Here we could hear a roaring sound like the
steam escaping from a great trans-Atlantic liner,
and we moved on towards the growling noise, and
at last we reached the cause-a mass of steam that
rushed through an opening in the ground. This is
surrounded by a rock as black as jet, and it is called
the Black Growler, and when near it a person cannot
hear his ears. A mass of steam rushes from it day
and night, winter and summer, year in and year out,
and I have no doubt but it has for ages, in one unbroken
volume, keeping up the same terrific roaring.
But this is not all. Volumes could be written in describing
this wonderland, and the marvels of our
National Park. The most wonderful of them all is
the world renowned Yellowstone Canyon. The introduction
to this is sublime. It is a waterfall. The
entire volume of the Yellowstone River falls three
hundred and sixty feet. The river is compressed
into the narrow space of seventy feet and with rush
and roar and maddening flow it leaps the precipice
into the yawning gulf below. I, with other tourists,
went down a flight of four hundred and ninety steps,
near the great volume of water that leaped from
the precipice into the gulf below, the spray bounding
back and producing a beautiful rainbow.
The banks of the canyon are fifteen hundred feet
high, and of many different colors, much of it a
bright yellow and red, white, lavender and green.

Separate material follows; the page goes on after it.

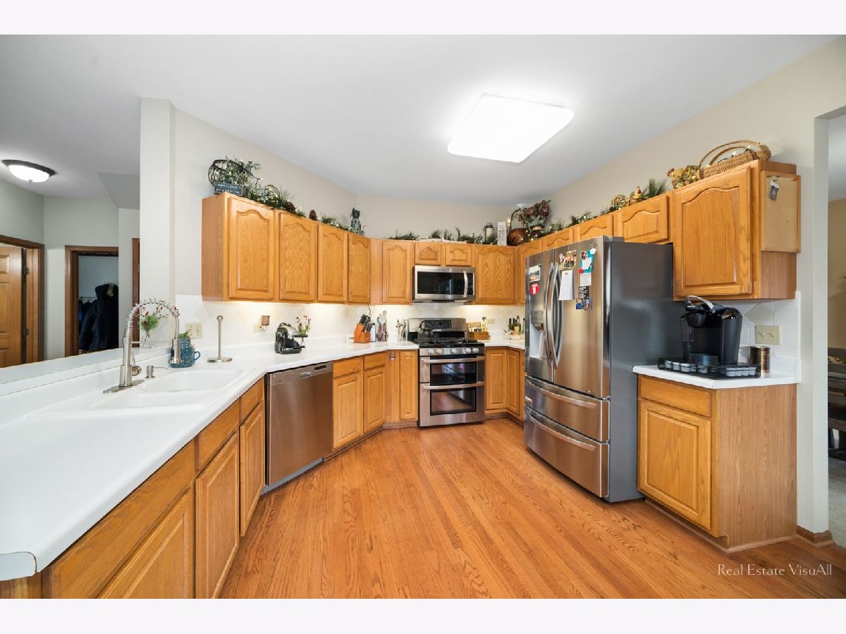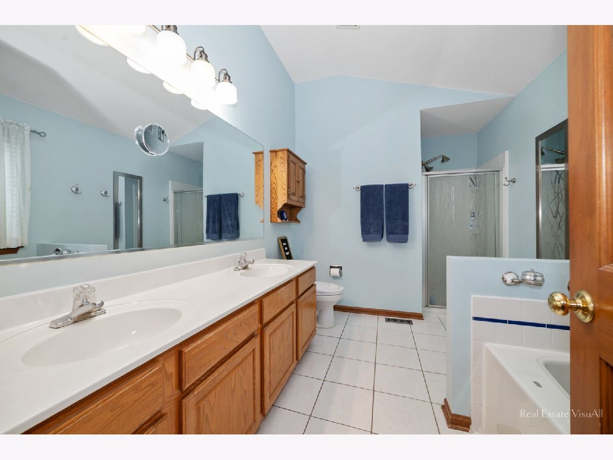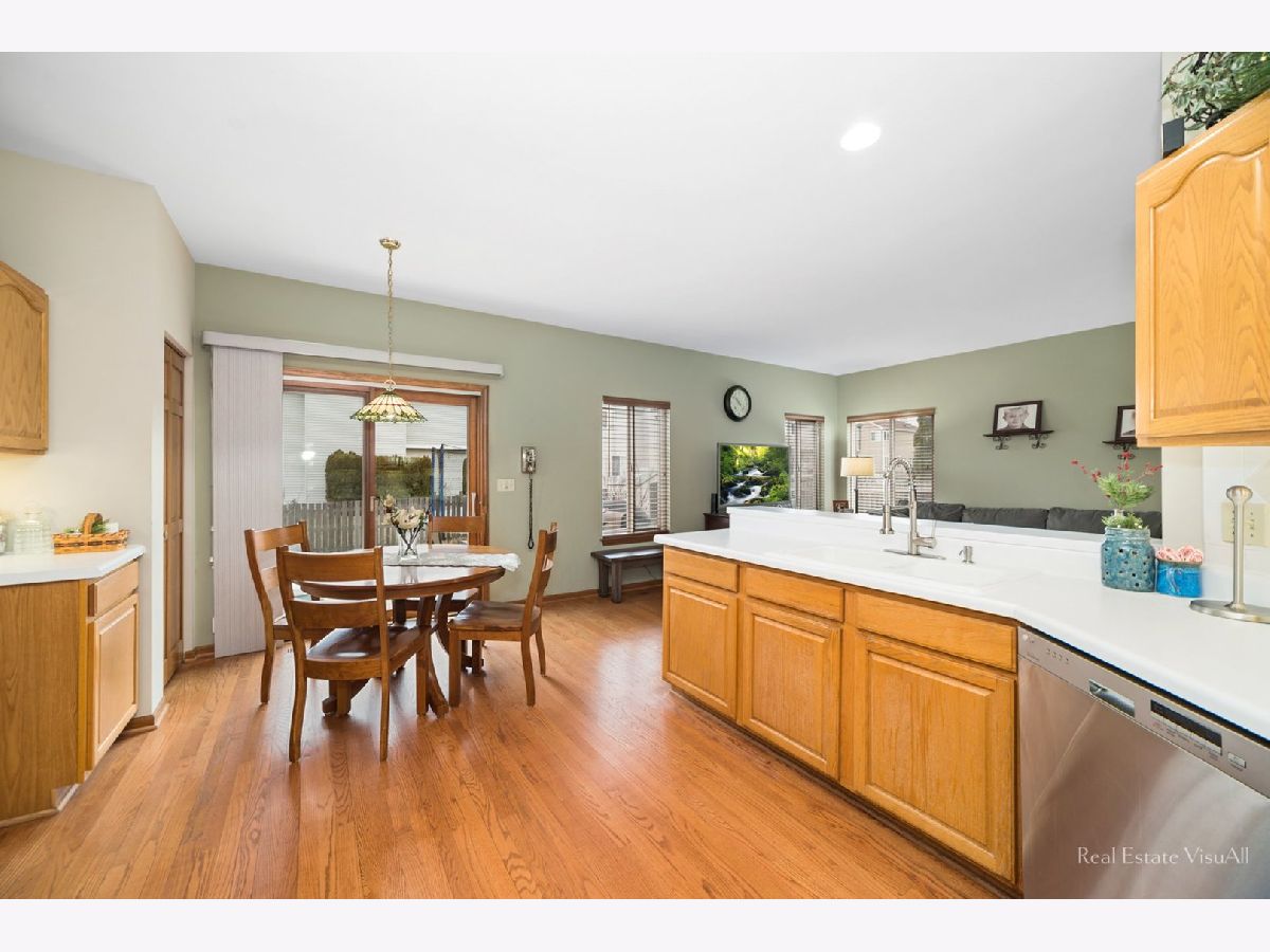 Sun filled two story home is sought after Westridge Subdivision! A two story foyer greets you with hardwood flooring, coat closet, send story window and steel insulated entry door with dual side lites. It opens to the living room which features plush neutral carpet, stained oak baseboards, blinds and opens to the dining room. The dining room offers plush carpet and stained oak trim as well as an updated ceiling light and kitchen access. The kitchen sparkles with hardwood flooring, oak cabinets, pantry closet, breakfast bar, stainless steel appliances, table space with decorative light and a slider to the patio. A family room is open to the kitchen and features hardwood flooring, neutral paint and oak trim. A powder room and laundry/mud room complete the first floor. The second floor is boasts a master suite with angled ceiling, decorative paint, oak trim, walk-in closet and private master bath. The bath sparkles with tile flooring, dual bowl vanity, soaker tub and separate shower. Three additional bedrooms feature plush neutral carpet, decorative paint and spacious closets. A full bath completes this floor with ceramic tile flooring, dual sink vanity and acrylic surround tub/shower. The basement is 3/4 finished with a rec room, game area and den. An unfinished area gives plenty of space for storage. A fenced yard boasts brick planters, concrete patio and landscaping. Other great features include an attached garage with new insulated door and wi-fi hook up, new roof w/50yr architectural grade shingles, new siding, HVAC New 2017, new sump pump w/battery back up, 3 Ring cameras, 3rd car driveway apron. All this on a professionally landscaped lot that has an in subdivision school and is minutes from METRA, Shopping and the Expressways.

The ceaseless roar of this great volume of water
echoes and re-echoes down the Canybn. It is an
awe-inspiring scene, and looking at the falls from
a distance they look like a long, white robe, nearly
four hundred feet in length. The channel seems narrow
and deep, and as we look at it from the platform
over the falls it looks like a silver ribbon as it winds
its way down the canyon and is lost in the distance,
and the passing clouds almost perform a miracle.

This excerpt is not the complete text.